The Strategy Pattern involves three key participants with distinct responsibilities:

«interface»
Strategy
+ execute(data): Result
ConcreteStrategyA
+ execute(data): Result
ConcreteStrategyB
+ execute(data): Result
Context
- strategy: Strategy
+ setStrategy(s: Strategy)
+ doOperation(data): Result

Participant Responsibilities

First, Strategy Interface: Declares the common interface for all supported algorithms. This is typically a single method that concrete strategies must implement. The method signature must be generic enough to accommodate all algorithm variations.

Second, Concrete Strategy Classes: Implement the Strategy interface with specific algorithm logic.
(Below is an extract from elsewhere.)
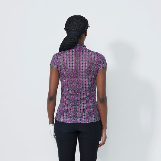 Daily Sports Abstract Fusion Breeze Delusion Black Print Cap Sleeve Mesh Polo

Each concrete strategy is a self-contained unit that can be tested independently. These classes should be stateless when possible, receiving all necessary data through method parameters.

Third, Context Class: Maintains a reference to a Strategy object and delegates algorithm execution to it. The context is decoupled from specific implementations, knowing only the Strategy interface. It may pass itself as an argument to the strategy if the strategy needs access to context data.

Relationships

The Context has an aggregation relationship (◇) with Strategy, meaning the context holds a reference but does not own the strategy's lifecycle. Concrete strategies inherit (▲) from the Strategy interface using interface realization.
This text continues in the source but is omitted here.